Python Pandas for Beginners — A Complete Guide (Part 2)

Python Geeks
Oct 25 · 9 min read

In the previous post of the series, we understand the basic concepts in Pandas such as “what is Pandas?”, Series and DataFrame. If you don't remember, click here to get back to Part 1.

In this article, we continue learning Python Pandas. We will know how to read DataFrame from file and the most important Pandas operator for beginners.

How to read and write DataFrame

It is quite simple to read data with the support of the Pandas library. We can load data from various data sources such as CSV, JSON or Excel file. Because of the learning purpose, we will try to load data with all kinds of data sources.

JSON file

Assuming that we have a JSON file that contains data related to product inventory as bellow.

{
"CAN": {
"Headphone": 1,
"Laptop": 5
},
"SGN": {
"Headphone": 3,
"Laptop": 8
},
"SIN": {
"Headphone": 0,
"Laptop": 5
}
}

Then we can read JSON file easily with read_json function of pandas.

import pandas as pddata = pd.read_json("data.json")
print(data)
# Result:
# CAN SGN SIN
# headphone 1 3 0
# laptop 5 8 5 #

Writing data to JSON file

data.to_json("exported_data.json")

CSV file

Using the same demo data in the previous example.
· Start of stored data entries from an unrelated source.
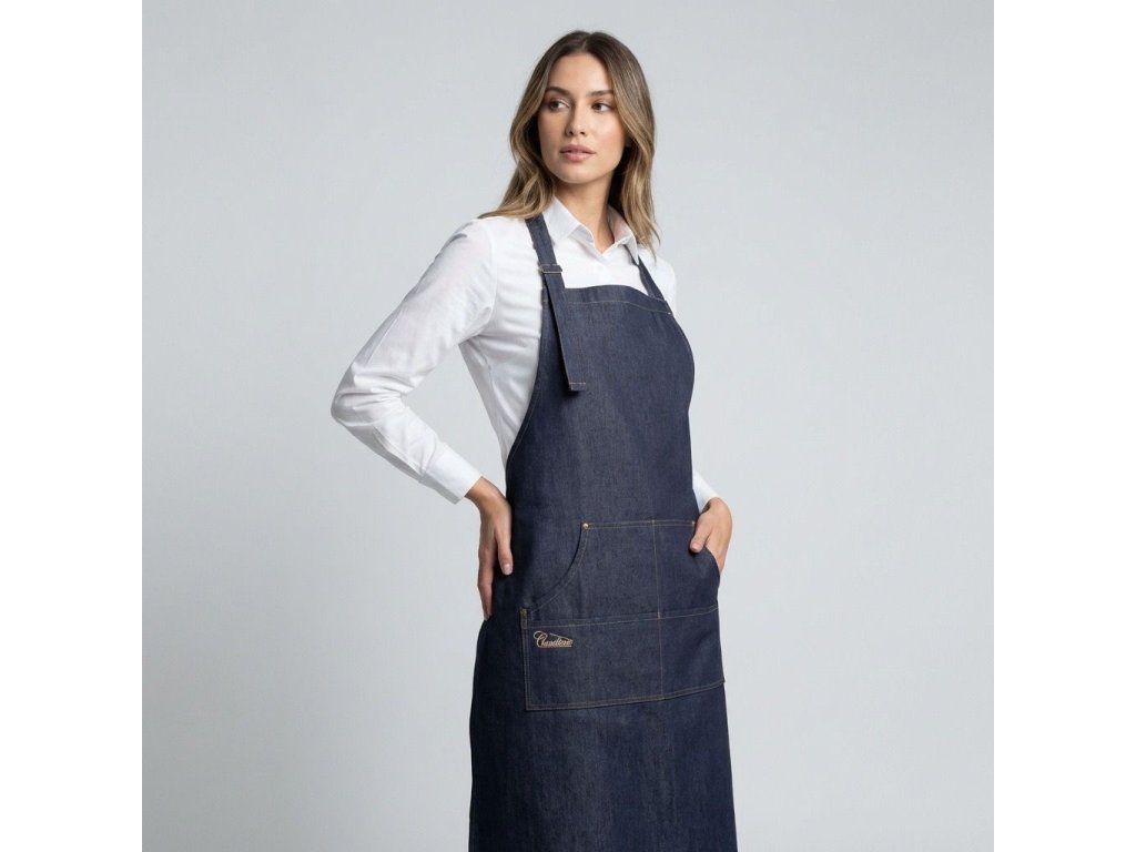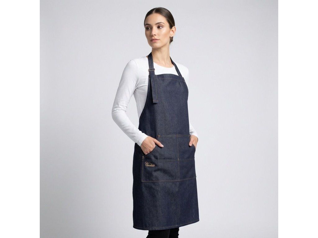 Zástěry Premium Denim vysoké kvality s logem na kapse.
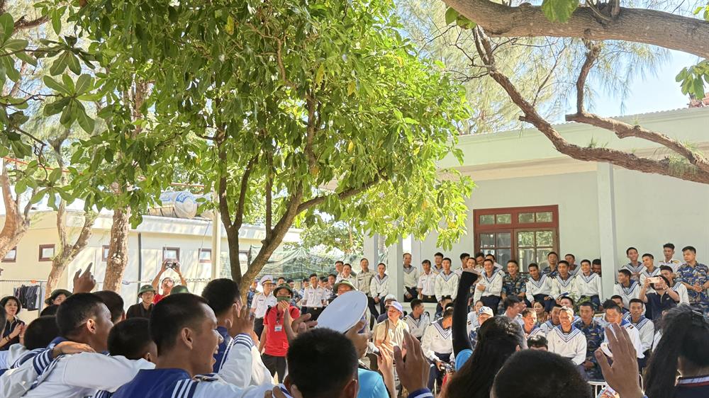 Cán bộ, chiến sĩ trên đảo Sơn Ca hòa nhịp với tiết mục văn nghệ của Đoàn Công tác số 8
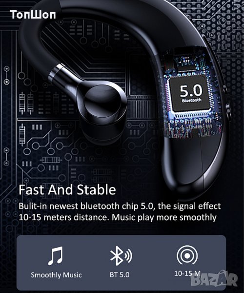 Интелигентна блутут слушалка с HD звук с анулиране на фоновия и вятърния шум , водоустойчива ! Регулируема на 270 °: Намерете перфектния ъгъл, който да пасне на ухото ви. Може да наблюдавате постноянно нивото на батерията на дисплея на телефона.
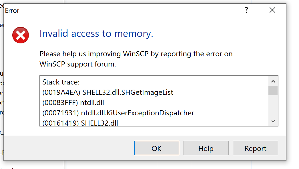Stack trace: (0019A4EA) SHELL32.dll.SHGetImageList (00083FFF) ntdll.dll (00071931) ntdll.dll.KiUserExceptionDispatcher (00161419) SHELL32.dll (001616CC) SHELL32.dll (0018CF32) SHELL32.dll.SHGetFileInfoW (0043BFFE) Iedriveinfo::TDriveInfo::ReadDriveStatus (0001E2C1) TCustomScpExplorerForm::DDExtInitDrag (0001DED7) TCustomScpExplorerForm::RemoteFileControlDDCreateDragFileList (00420EB8) Customdirview::TCustomDirView::DDDragDetect (0067CB42) TUnixDirView::DDDragDetect (0041D93C) Customdirview::TCustomDirView::CNNotify (0025720D) Vcl::Controls::TControl::WndProc (0025BD51) Vcl::Controls::TWinControl::WndProc (0029FC7F) Vcl::Comctrls::TCustomListView::WndProc (0025BEB7) Vcl::Controls::_17076 (0025BD51) Vcl::Controls::TWinControl::WndProc (0025B398) Vcl::Controls::TWinControl::MainWndProc (0038109C) System::Classes::_18201 (00045359) USER32.dll (00036297) USER32.dll (00035E35) USER32.dll (000427ED) USER32.dll (000718EB) ntdll.dll.KiUserCallbackDispatcher (0003570E) USER32.dll.SendMessageW (00054B61) COMCTL32.dll (0019E597) COMCTL32.dll (0019EE99) COMCTL32.dll (00094E53) COMCTL32.dll (0005C002) COMCTL32.dll (00045359) USER32.dll (00036297) USER32.dll (000357EA) USER32.dll.CallWindowProcW (0025BE62) Vcl::Controls::TWinControl::DefaultHandler (0041F16E) Customdirview::TCustomDirView::WMLButtonDown (0025BD51) Vcl::Controls::TWinControl::WndProc (0029FC7F) Vcl::Comctrls::TCustomListView::WndProc (0038109C) System::Classes::_18201 (00045359) USER32.dll (00036297) USER32.dll (000357EA) USER32.dll.CallWindowProcW (0007430F) COMCTL32.dll (000743AE) COMCTL32.dll (000740AC) COMCTL32.dll (00045359) USER32.dll (00036297) USER32.dll (000357EA) USER32.dll.CallWindowProcW (00443FF7) Dragdrop::TDragDrop::WndMethod (0038109C) System::Classes::_18201 (00045359) USER32.dll (00036297) USER32.dll (000353D6) USER32.dll (000351AB) USER32.dll.DispatchMessageW
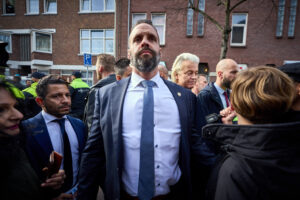 PVV-leider Geert Wilders voert samen met Sebastiaan Kruis campagne op de Haagse markt (Phil Nijhuis)
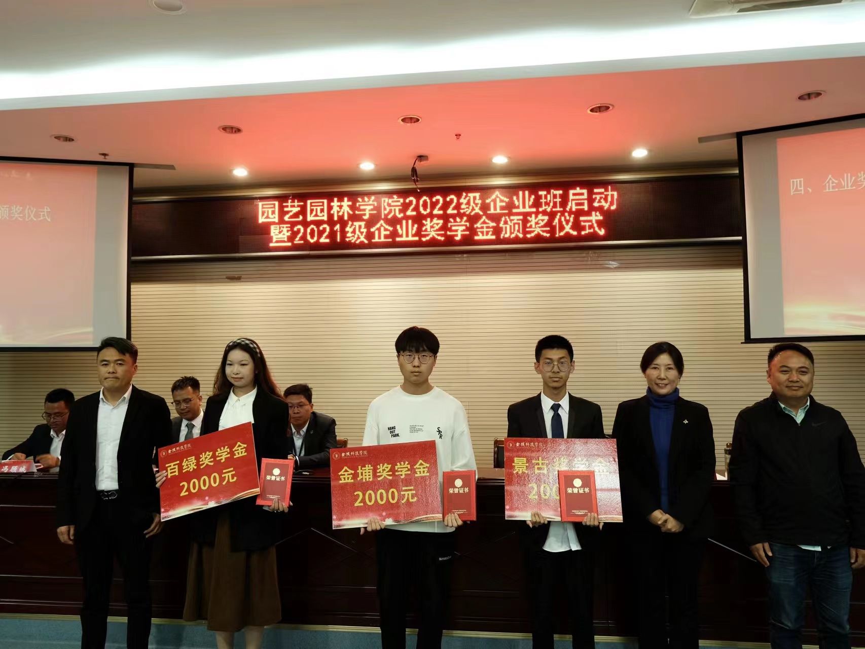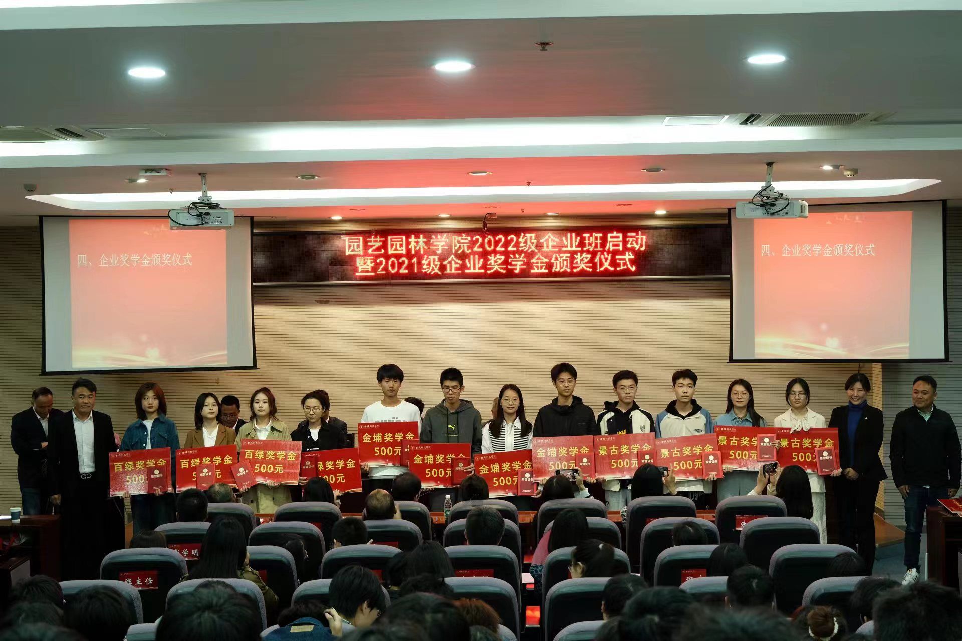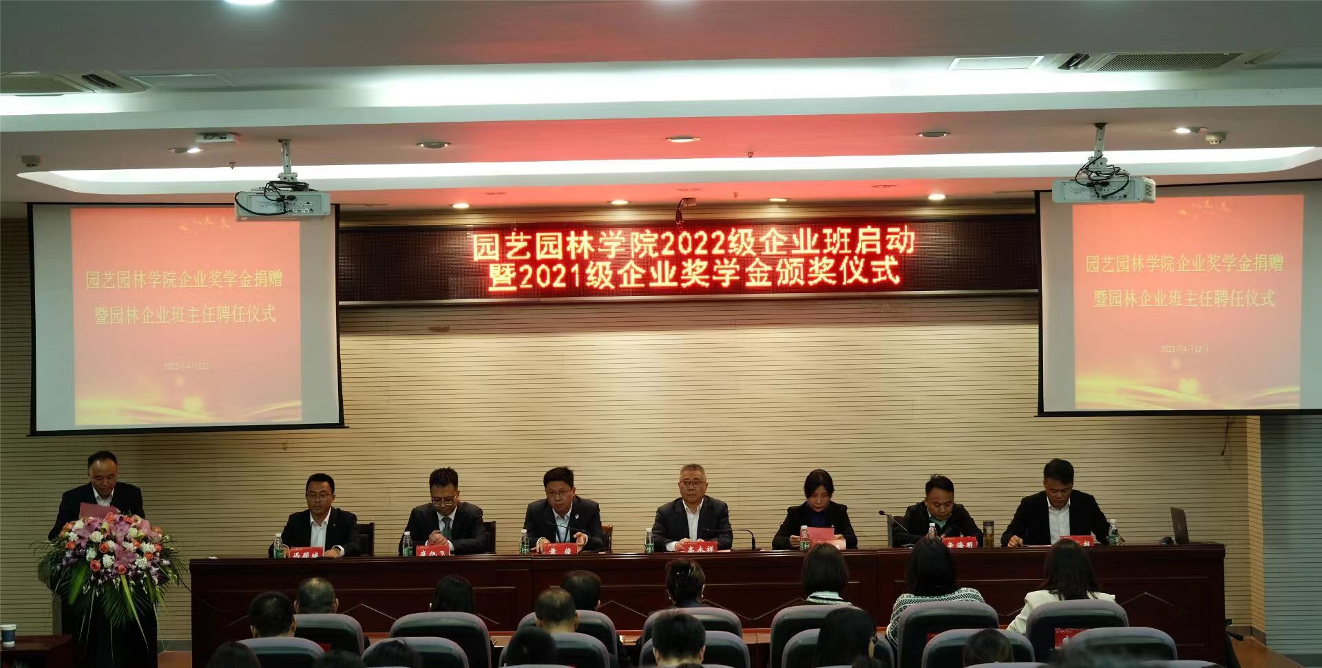 4月12日下午,园艺园林学院在学校幕府校区图书馆报告厅举办2022级企业班启动暨2021级企业奖学金颁奖仪式。副校长高永祥及来自南京逐鹿景观工程有限公司、上海棕源绿谷城镇建设有限公司、南京市溧水区华成蔬菜专业合作社、金埔园林股份有限公司、景古环境建设股份有限公司、江苏百绿园林集团有限公司的企业负责人和“企业班主任”参加了仪式。
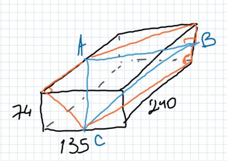 BC2=67.52+2402+372=63525.25AC2= 742 + 1202+67.52= 24432.25AB2= 372+1202+1352=33994
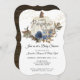 Navy Blue Floral Rustic White Pumpkin Baby Shower Invitation
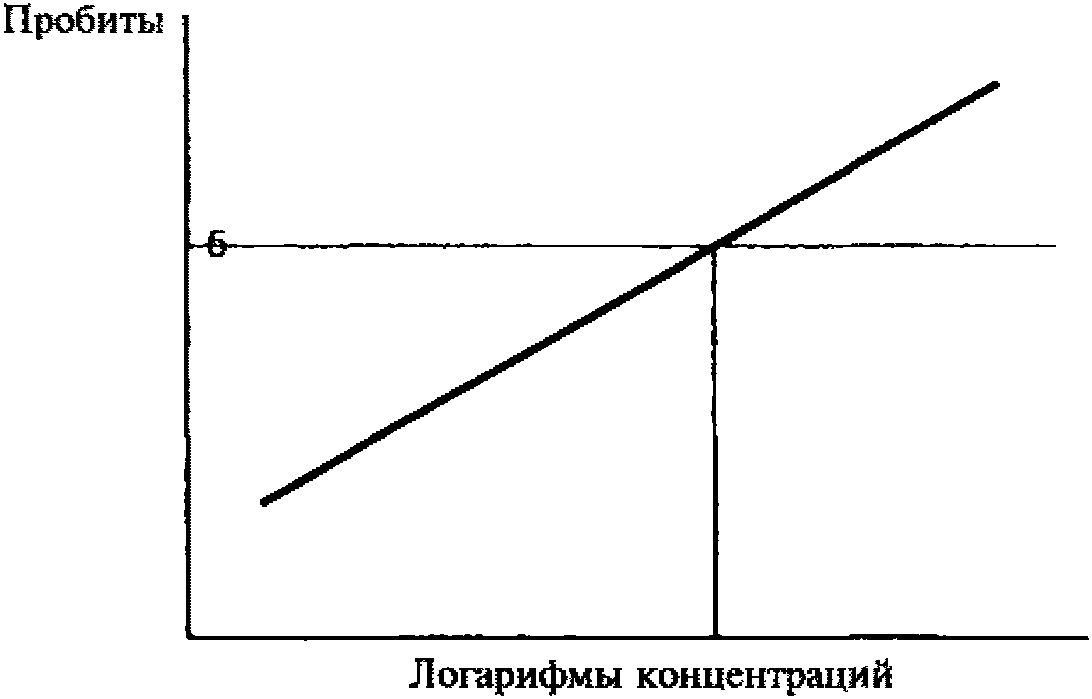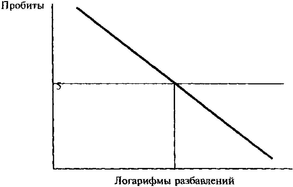 (табл. В.1). Через полученные точки проводят прямую. Потом из точки на оси ординат, которая соответствует 5 пробитам (50%), проводят линию, параллельную оси абсцисс, до пересечения с линией графика. Из точки пересечения опускают перпендикуляр на ось абсцисс. Точке пересечения перпендикуляра и оси абсцисс соответствует десятичный логарифм ЭК
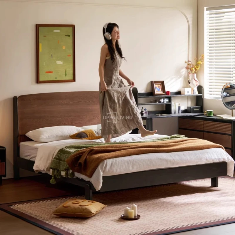 Giường Ngủ Gỗ Cao Su Phủ Veneer Thiết Kế Thanh Lịch Chuẩn Nội Thất Nhật Openliving GN762
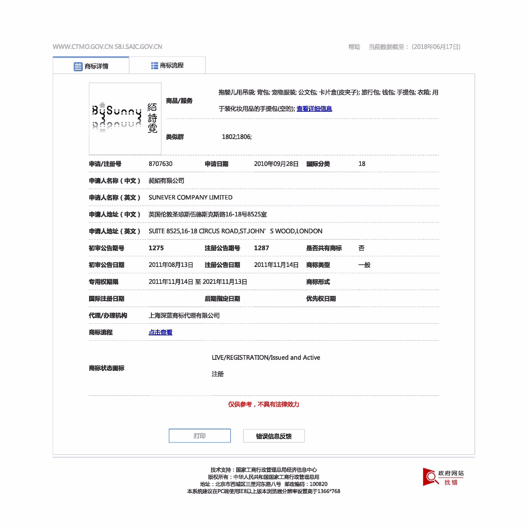 商標(biāo)注冊證核定使用商品:抱嬰兒用吊袋; 背包; 寵物服裝; 公文包; 卡片盒(皮夾子); 旅行包; 錢包; 手提包; 衣箱; 用于裝化妝用品的手提包(空的)。

However, the file format is CSV. The data in the file as below:

,CAN,SGN,SIN
headphone,1,3,0 laptop,5,8,5

Loading data to DataFrame using read_csv

import pandas as pddata = pd.read_csv("data.csv")
print(data)
# Result:
# Unnamed: 0 CAN SGN SIN
# 0 headphone 1 3 0
# 1 laptop 5 8 5

In the above code, read_csv generates the index column as default. However, we want the first column (headphone, laptop) is the index column. So passing index_col parameter to read_csv to let it know which column will be indexed.

import pandas as pd
data = pd.read_csv("data.csv", index_col=0)
print(data)
# Result:
# CAN SGN SIN
# headphone 1 3 0
# laptop 5 8 5

Writing DataFrame to CSV file

data.to_csv("exported_data.csv")

Excel file

Reading data from excel file using read_excel function.

import pandas as pddata = pd.read_excel("data.xlsx", index_col=0)
print(data)
# Result:
# CAN SGN SIN
# headphone 1 3 0
# laptop 5 8 5

Writing DataFrame to excel file

data.to_excel('exported_data.xlsx', sheet_name='Sheet1')

Important Pandas Operators

Before learning pandas operator, we will create the DataFrame and use it in the example of pandas operators section.

import pandas as pd
import numpy as np
dates = pd.date_range('20190101', periods=50)
data = pd.DataFrame(np.random.randn(50, 4), index=dates, columns=list('ABCD'))

Viewing your data

Now we have a DataFrame with 50 rows. It’s too big to print. In a real-life situation, the number of rows will be larger many times. Therefore, the first thing we should know is how to print out a few rows to keep as a visual reference.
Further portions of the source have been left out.